We are trying to implement a check that verifies that queued messages on an oracle AQ are dequeued within an acceptable time (through a connection with IBM MQ, using the oracle MGW, although that is irrelevant for this question). Because we have numerous queues to monitor, rather than checking the content of each queue table dynamically, we wrote a query that uses the statistics in V$AQ.
However, we're running into an issue with these statistics, and I'm wondering if anyone has seen this behaviour before or can explain it.

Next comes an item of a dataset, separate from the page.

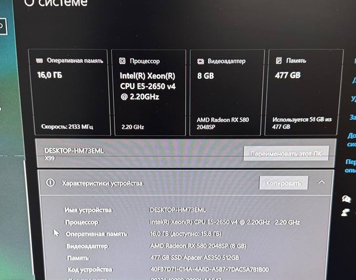 Процессор: AIntel(R) Xeon(R) CPU E5-2650 V4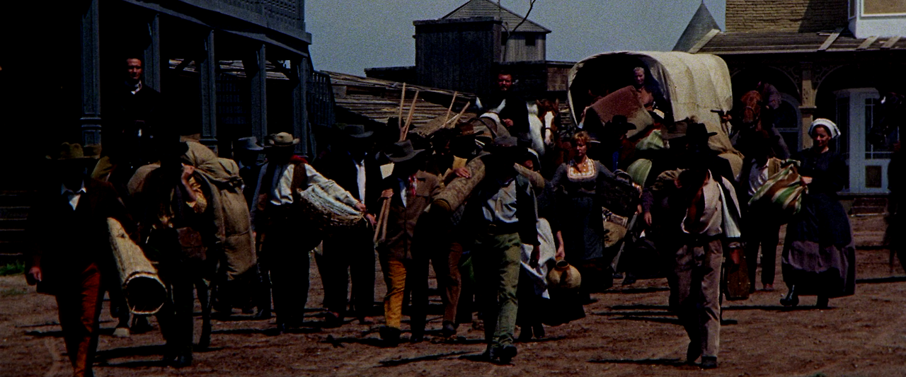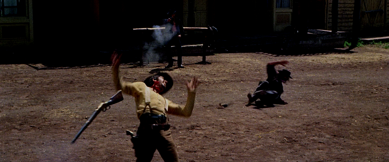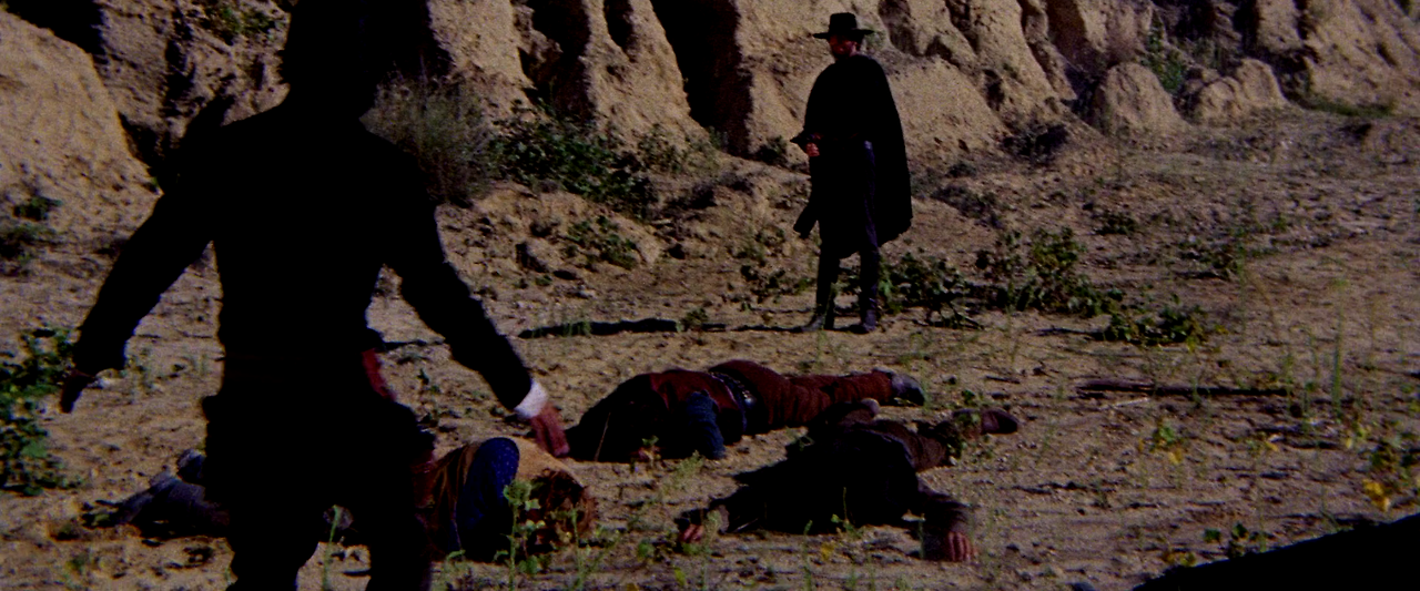 서부의 어느 조그만 시골마을, 먼지바람이 불어오는 속에서 검은 옷을 입은 한 사람의 건맨이 나타난다. 그는 누군가의 죽음을 의미하는지 거친 나무십자가의 묘비를 땅에 꽂는다. 그 묘비에는 샘 호킨스라는 이름이 새겨져 있다. 그리고는 총성이 메마른 마을에 울려 퍼진다. 순식간에 샘과 그 일당들이 쓰러진다.

At first, it all goes well, all 3 statistics columns (AVERAGE_MSG_AGE, TOTAL_WAIT, and AVERAGE_WAIT) show the number of seconds that the messages have been queued. But after dequeueing and adding a new message, both TOTAL_WAIT and AVERAGE_WAIT get a huge number that does not change anymore, while AVERAGE_MSG_AGE is quite large as well and counts seconds down (instead of up).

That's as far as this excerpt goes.